A man with £10 million in a British bank account cannot send money to a sanctioned country. Cannot donate to a cause the government has flagged. Cannot pay someone in cash above a certain amount. Cannot move his own money internationally without a compliance department approving it first. Cannot spend his own savings on certain categories of goods.
He is wealthy. He is utterly, completely dependent.
The person with £1 million in self-custodied Bitcoin can do all of those things before breakfast. No permission required. No compliance officer. No transaction monitoring. No bank to call and explain himself to.
His financial life operates on a completely different plane of existence.
And in a world where financial control is the primary mechanism through which governments control people — where freezing an account is easier and more effective than any other form of punishment — being outside that mechanism entirely is a form of power that money alone cannot buy.
You cannot buy your way to this position after the door closes.
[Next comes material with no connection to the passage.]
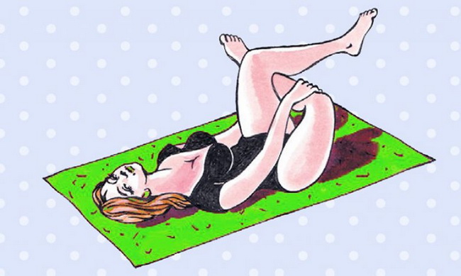 Osetite se ponovo u maminom stomaku – lezite u pozu embriona. Samo lezite na leđa, savijte noge i privucite ih do stomaka, obuhvativši ih rukama.
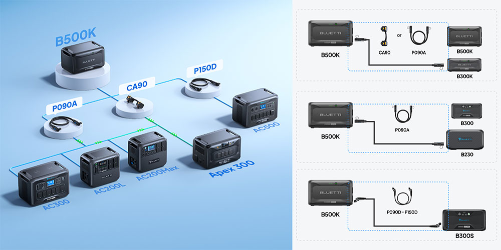 The B500K either expands your BLUETTI power stations or serves as a high-capacity power bank with ecosystem components, delivering 700 W DC output for your devices. *Note: P090D to P150D cable is required for connecting with AC500 and sold separately.

You can only have gotten there before.
THE INHERITANCE OF THE FARSIGHTED
Every generation has a moment — one moment — where the transfer of power is still visible, still accessible, still possible to participate in before it completes.
The people who bought land in growing cities before the industrial revolution.
The people who acquired manufacturing capacity before mass production changed everything.
The people who understood the internet in 1994 and acted on it while everyone else called it a toy.
In every case, those people did not become powerful because they were smarter or more talented than everyone else. They became powerful because they paid attention when paying attention was uncomfortable — when the thing they were betting on was still being laughed at, still being dismissed, still being actively suppressed by the institutions that stood to lose from it.
Every one of those windows closed. And the people who missed them spent the rest of their lives on the outside of a power structure built by the people who didn’t.
This is that moment.
Not next year. Not when it becomes obvious. Now. While the banks are still occasionally allowing it in humiliating £5 increments. While the informal market is still forming. While the freedom premium hasn’t yet reached the levels it will reach when the last door closes.
The gods of the new world are not going to announce themselves. They are not going to ring a bell when they arrive. They are already here, quietly, in ordinary houses, with hardware wallets in drawers and seed phrases written in notebooks hidden in places only they know.
They are the people who saw what I saw when the banks shut me out — not just frustration, not just inconvenience, but a glimpse of the architecture being built around all of us.
And they moved.
The window is not closed. But I have watched it close, one account ban and one £5 limit at a time, faster than almost anyone realises.
The question has never been whether this is happening. You have just read the evidence.
The question is whether you move before the last door shuts — or whether you spend the rest of your life knocking on it.